From nova-conductor's upstart log ( /var/log/upstart/nova-conductor.log ):

2014-05-15 12:02:25.206 34494 INFO nova.openstack.common.periodic_task [-] Skipping periodic task _periodic_update_dns because its interval is negative
2014-05-15 12:02:25.241 34494 INFO nova.openstack.common.service [-] Starting 8 workers
2014-05-15 12:02:25.242 34494 INFO nova.openstack.common.service [-] Started child 34501
2014-05-15 12:02:25.244 34494 INFO nova.openstack.common.service [-] Started child 34502
2014-05-15 12:02:25.246 34494 INFO nova.openstack.common.service [-] Started child 34503
2014-05-15 12:02:25.246 34501 AUDIT nova.service [-] Starting conductor node (version 2014.1)

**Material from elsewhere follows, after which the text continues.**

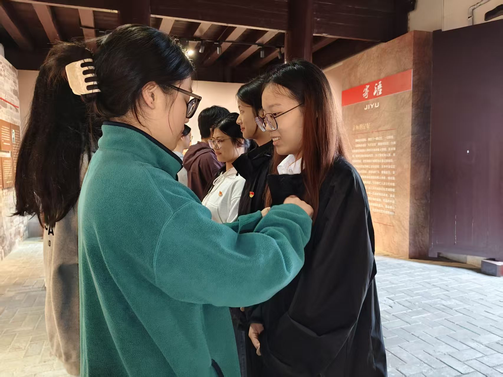 紧接着,是为新发展党员佩戴党员徽章并进行宣誓的庄严时刻。熠熠生辉的党徽佩戴在胸前,新发展党员与老党员们一同面向鲜红的党旗,高举右拳,用铿锵有力的誓言许下了对党的忠诚与为共产主义奋斗终身的坚定承诺。这一刻,初心与使命在革命圣地交汇传承。

2014-05-15 12:02:25.247 34502 AUDIT nova.service [-] Starting conductor node (version 2014.1)
2014-05-15 12:02:25.247 34494 INFO nova.openstack.common.service [-] Started child 34504
2014-05-15 12:02:25.249 34503 AUDIT nova.service [-] Starting conductor node (version 2014.1)
2014-05-15 12:02:25.251 34504 AUDIT nova.service [-] Starting conductor node (version 2014.1)

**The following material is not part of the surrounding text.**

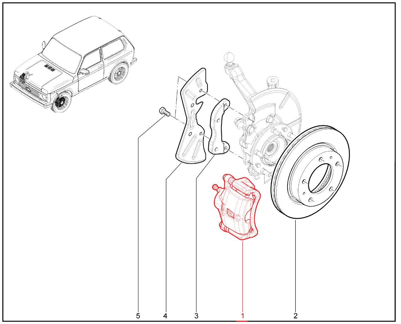 Штатный оригинальный тормоз передний в сборе для Lada Vesta NG, Largus, Iskra, Niva Sport , Niva Travel.

2014-05-15 12:02:25.254 34505 AUDIT nova.service [-] Starting conductor node (version 2014.1)
2014-05-15 12:02:25.250 34494 INFO nova.openstack.common.service [-] Started child 34505
2014-05-15 12:02:25.261 34494 INFO nova.openstack.common.service [-] Started child 34506
2014-05-15 12:02:25.263 34494 INFO nova.openstack.common.service [-] Started child 34507
2014-05-15 12:02:25.266 34494 INFO nova.openstack.common.service [-] Started child 34508
2014-05-15 12:02:25.267 34507 AUDIT nova.service [-] Starting conductor node (version 2014.1)
2014-05-15 12:02:25.268 34506 AUDIT nova.service [-] Starting conductor node (version 2014.1)
2014-05-15 12:02:25.271 34508 AUDIT nova.service [-] Starting conductor node (version 2014.1)
/usr/lib/python2.7/dist-packages/nova/openstack/common/db/sqlalchemy/session.py:379: DeprecationWarning: BaseException.message has been deprecated as of Python 2.6
  match = pattern.match(integrity_error.message)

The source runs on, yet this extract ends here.